Frequently Asked Questions
"What Is The Federal Reserve's Role?"
The Federal Reserve System was created in 1913 when Congress passed the Federal Reserve Act. This Act established the Federal Reserve Board together with 12 regional Federal Reserve Banks which essentially act as our central bank to handle government transactions, coordinate and control commercial banks, and most importantly help control the nations’ money supply and credit conditions.
The most powerful committee within the FED is the Federal Open Market Committee (FOMC). It consists of twelve members five of who are representatives from the 12 districts and a seven-man Board of Governors. This committee meets every six weeks and it is their duty to establish a current position on the interest rate climate. If they believe that the economy is over heated, they will tend to tighten interest rates and if the economy is contracting, they will tend to ease interest rates. While there are several methods used to ease and tighten credit, the most prevalent is changing the discount rate. This is the rate at which commercial banks can borrower from the FED. The theory is if the commercial banks can borrower at lower rates, then they should make lower rates available to their customers (the consumers). Conversely, if the cost of borrowing increases for the commercial banks, the banks will pass that onto their customers.
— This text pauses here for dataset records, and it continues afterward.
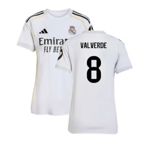 Official Federico Valverde football shirt. This is the NEW Real Madrid Home Shirt (Womens) for the 2025-2026 season which is manufactured by Adidas and is available in all Adult sizes.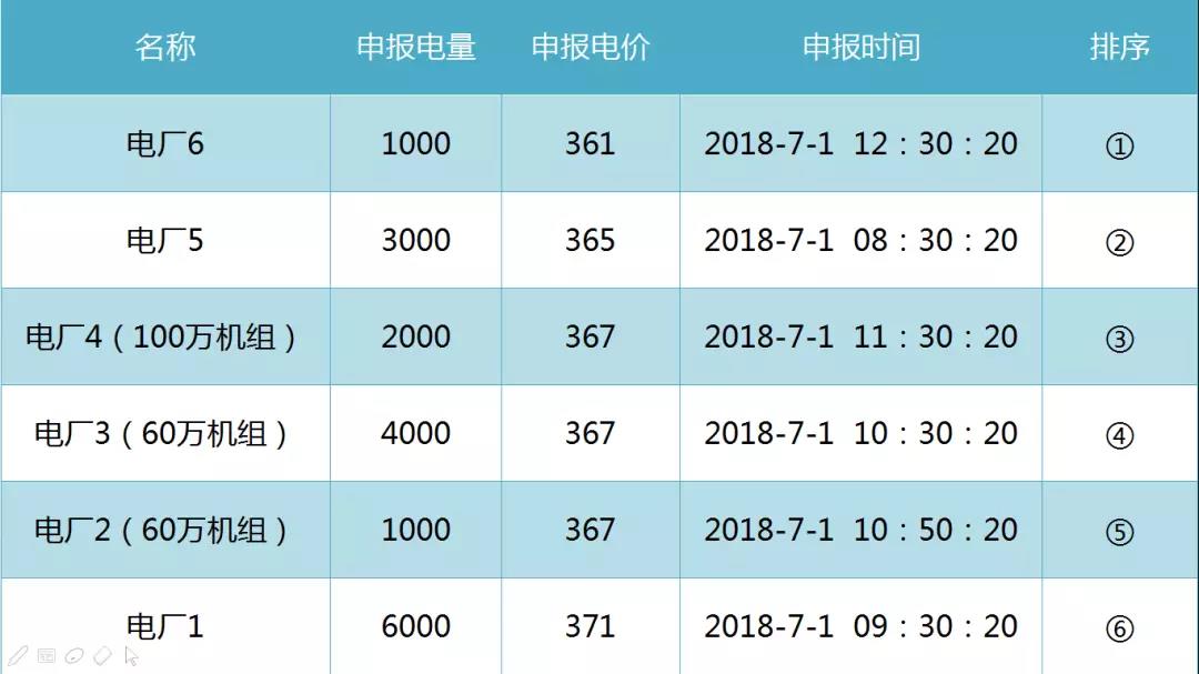 成交順序因素按電廠價格升序、容量降序、時間升序排列,電力用戶按價格降序、申報時間升序排列。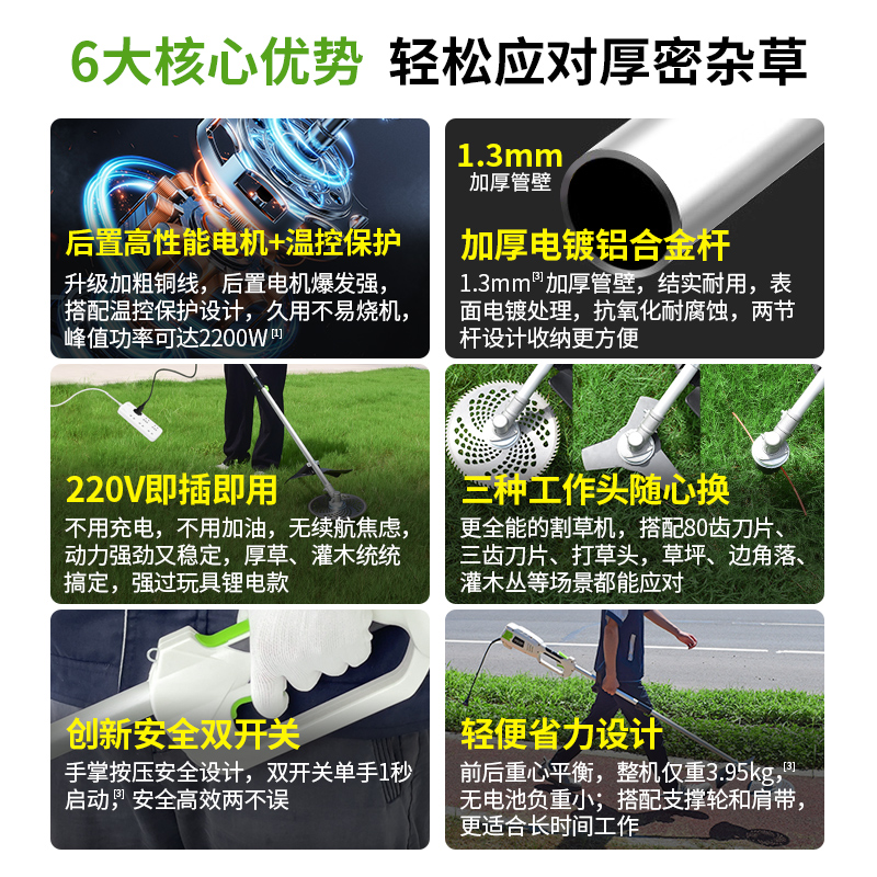 天朗2200W大功率家用插电割草机

An example of how this works is as follows. If the economy is sluggish and the FED wants to increase economic activity they will attempt to motivate the consumer to increase spending (since 2/3 of the economy is the result of consumer spending activity). If you have a consumer sitting on the sideline not wanting to purchase that car, refrigerator, computer etc, by making the cost of borrowing cheap enough at some point the consumer will ultimately make that purchase, which in turn helps the economy expand out of that sluggish phase. Conversely, if the economy is over heated (expanding too rapidly resulting in increased inflationary pressure…..too many dollars chasing too few goods), the FED will act by increasing the discount rate which will make the cost of purchasing that item much higher so that the consumer decides not to purchase. This ultimately will result in an economic slowdown.